Scuola: l’assistente tecnico è itinerante

 

La Gig Economy entra nel mondo della scuola: Dove, dall’anno scorso con la pandemia, è stata introdotta la figura dell’assistente tecnico di laboratorio anche nelle scuole dell’infanzia, della primaria e secondaria di primo grado, con l’obiettivo di sostenere i processi di attività didattica on line.

Un profilo professionale per supportare la Dad,  con una precisa configurazione tecnico-giuridica connessa ad aule speciali e laboratori.

” Per anni sottolinea il Segretario generale  Uil Scuola, Pino Turi – abbiamo sollecitato la presenza di un tecnico in ogni scuola. Richiesta declinata ogni volta come non attuale. Nel 2021 vengono fatte mille assunzioni. Una operazione che incide sulle casse dello Stato per poco oltre 31 milioni di euro, su base annua. Ma a causa della scarsità dei tecnici, nei fatti ne viene fissato uno per ogni 5 scuole”.

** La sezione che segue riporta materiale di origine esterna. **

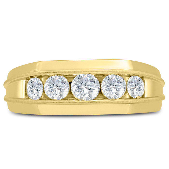 Men's diamond ring, great for a wedding band and everyday wear. This ring features 5 diamonds at 1.00ct total diamond weight. Diamond color is J-K and diamond clarity is I2. Ring is 8.33mm wide. This ring is crafted in solid 10 karat yellow gold and is available in ring sizes 7-13.5

Dunque, il loro utilizzo, viene disposto, in maniera del tutto illegittima irrituale sulla rete di scuole. Insomma, stiamo parlando di una sorta di tecnico itinerante costretto a turnare su una scuola diversa ogni giorno della settimana e a volte anche più. Un profilo del tutto inedito che si sposta a sue spese e a suo rischio e pericolo, anche in tempi di pandemia.

Per altro, da un’inziale attività di consulenza e supporto alla didattica, si è passati ad una attività di sostegno diffuso che prevede una presenza fisica quotidiana nelle scuole della rete, senza alcun riconoscimento economico, né di indennizzo.

“Le decisioni che la politica assume per la scuola – conclude Turi – devono rispondere alle logiche della scuola, non della politica. L’idea di una figura professionale, a specializzazione tecnica, utilizzata però in una misura non idonea mostra tutti i limiti di una decisione che nei fatti è una inaccettabile anomalia per il lavoro a scuola. Che, invece, ribadiamo, va saldamente regolato dai contratti di lavoro”.